The Vienna Philharmonic’s annual residency at Carnegie Hall is a highlight of any New York season, featuring a weekend of three concerts led by a celebrity guest conductor in programs that mix classic chestnuts with pieces from more specialized repertoire. This year it was the energetic Russian (actually Ossetian) conductor Valery Gergiev’s turn. Russian culture buzzed in New York, perhaps by coincidence, with star soprano Anna Netrebko singing at the Metropolitan Opera and the Brooklyn Academy of Music hosting several Mariinsky Ballet performances and a Russian-language run of Chekhov’s The Cherry Orchard from one of St. Petersburg’s leading dramatic theaters. As director of St. Petersburg’s Mariinsky Theater, it should be unsurprising that Gergiev chose heavily operatic programs. The first concert, reviewed here, opened with a blazing performance of the overture to Wagner’s first "mature" opera, Der fliegende Holländer. Having championed Wagner after decades of neglect in his home country, for the obvious political reasons, Gergiev has led productions of eight of the composer’s ten major works at home and on international stages. His approach to Wagner is idiosyncratic, sometimes resulting in a delectably slow and luxuriant reading (as heard in the Parsifal excerpts featured in this year’s third concert) that recalls the hand of James Levine, and sometimes a driving, bombastic interpretation, as heard in this selection. The power of the brass and strings was palpable, though Gergiev’s verve often threatened to overwhelm the gentler and more delicate elements so essential to the plot’s themes of self-sacrifice and redemption.

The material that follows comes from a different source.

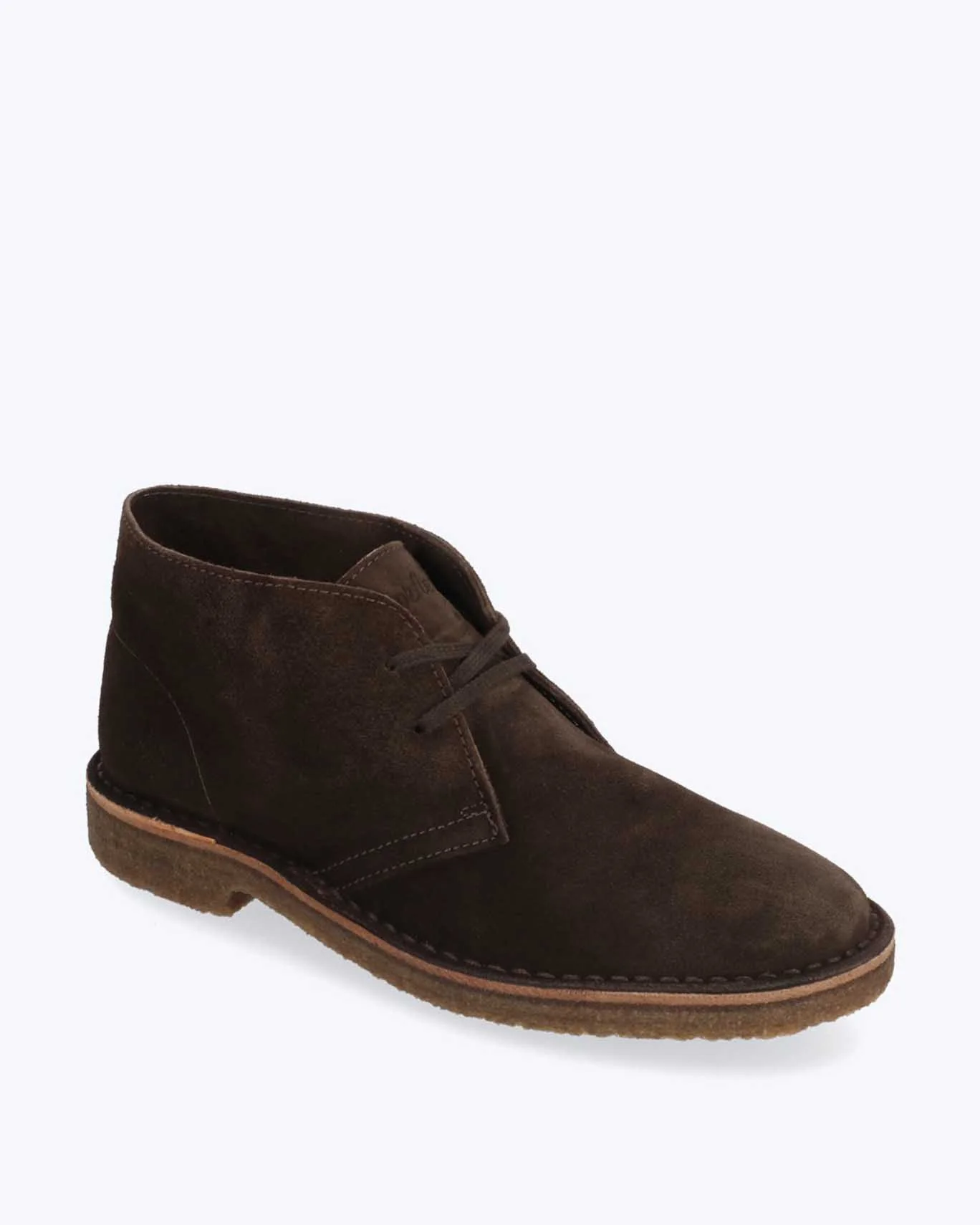 Botas de la marca Astorflex 1820, de ante marrón oscuro y suela de caucho.

Moving on to Debussy’s inventive depiction of the sea in its various moods, Gergiev proved more sensitive but the reading was still more forceful than any other I have ever encountered. And again, some of the necessary delicacy that a French conductor might bring to the score was lost in translation.

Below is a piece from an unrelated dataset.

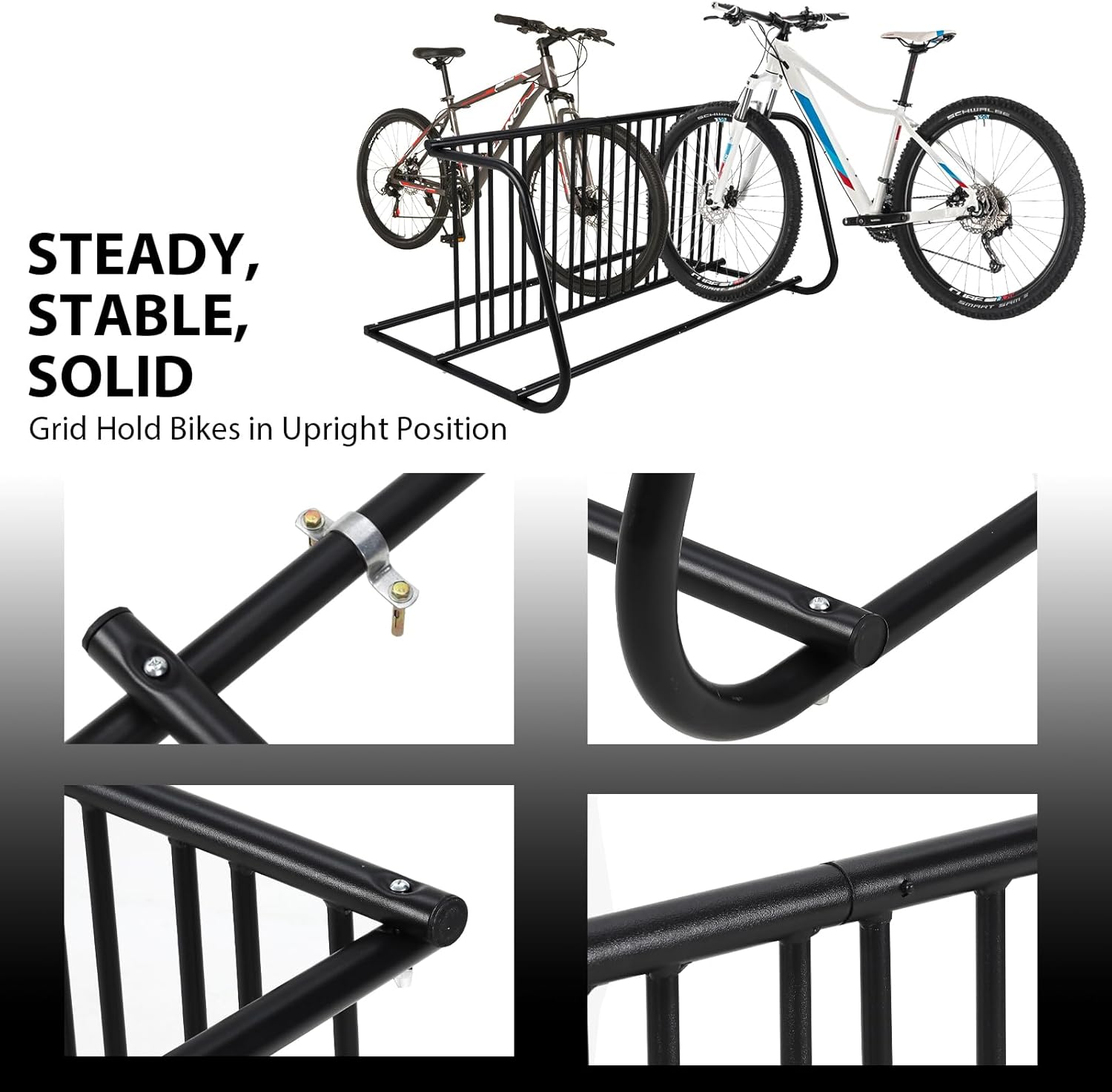 - PREMIUM 100% STEEL: This floor bike rack is made of premium powder-coated galvanized steel tube, resistant to scratch, wear, corrosion and rusk. Thickened tube has a stronger load-bearing capacity and won’t bend or damage easily

It was in the concert’s final piece, Mussorgsky’s famous Pictures at an Exhibition that Gergiev found his true idiom. A series of musical notes reacting to a friend’s paintings, the piece resounds with a processional theme that suggests the grandeur of Russia’s imperial history tempered by deeply human insight into a range of places and characters found within it. Here Gergiev maximized the strengths of the Viennese players in all their rosy resonances. It would be hard to imagine a better performance even in Russia.


The concert unfolded with no reason for disappointment, and the addition of Strauss’s Emperor Waltz and Pleasure Train Polka ended the evening with vivacious relief after the heavy Mussorgsky piece. But there can be no mistake where Gergiev’s strengths truly lie. As if to emphasize the point, a small crowd of protesters gathered before Carnegie Hall’s front entrance to remind concertgoers and casual passersby of his relationship with Russian leader Vladimir Putin and his controversial policies. Politics was refreshingly far from the agenda, but not everyone is swept away by the music.